Studio album by the Elgins
- Released: October 1966
- Recorded: 1965–1966
- Genre: Soul, R&B, Pop
- Label: V.I.P. (Motown) V.I.P. 400 Tamla Motown (UK, 1968) TML 11081
- Producer: Brian Holland Lamont Dozier

The Elgins chronology
|  | Darling Baby (1966) | Take the Train (1990) |

= Darling Baby =

Darling Baby is the debut studio album released in October 1966 by the Motown group the Elgins.

Professional ratings
Review scores
| Source | Rating |
| Allmusic | Star |

==Details==
The LP features female singer Saundra Edwards (previously on a solo contract with Motown), with Cleo "Duke" Miller, Norman McLean, and Johnny Dawson (who previously recorded for Motown as The Downbeats). Edwards sings lead vocals on all but two tracks, "634-5789" and "When a Man Loves a Woman", on which McLean sings lead.

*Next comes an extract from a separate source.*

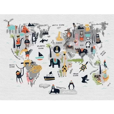 WallpaperDirectThe world before humans turned up was one big zoo party, without the cages. Everybody had a good time. A 7x panel mural, WxH dimensions 371x280cm, free pattern match.

Released on Motown's V.I.P. subsidiary in 1966, the album contains the group's first two singles for Motown, "Put Yourself In My Place" and "Heaven Must Have Sent You", which were both minor hits on the Billboard Hot 100, making No. 72 and No. 50, respectively. "Heaven Must Have Sent You" was a Top Ten hit on the US R&B Chart, reaching No. 9, and the B-Side of "Put Yourself In My Place", "Darling Baby", made a separate chart entry and reached No. 92 on the Billboard Hot 100 and No. 4 on the R&B Chart.

After one further single, "I Understand My Man", in 1967, Saundra Edwards left the group and was replaced by Yvonne Vernee Allen. She recorded with the group at Motown but nothing more was released, except for several Tamla Motown reissues in Britain. One of these, a 1971 reissue of "Heaven Must Have Sent You", became a UK hit, peaking at No. 3 in the UK Singles Chart, thanks to its popularity on the Northern soul scene, and its follow-up, "Put Yourself In My Place", also made the Top 40, reaching No. 28. Yvonne Vernee performed with the group on their subsequent UK tour.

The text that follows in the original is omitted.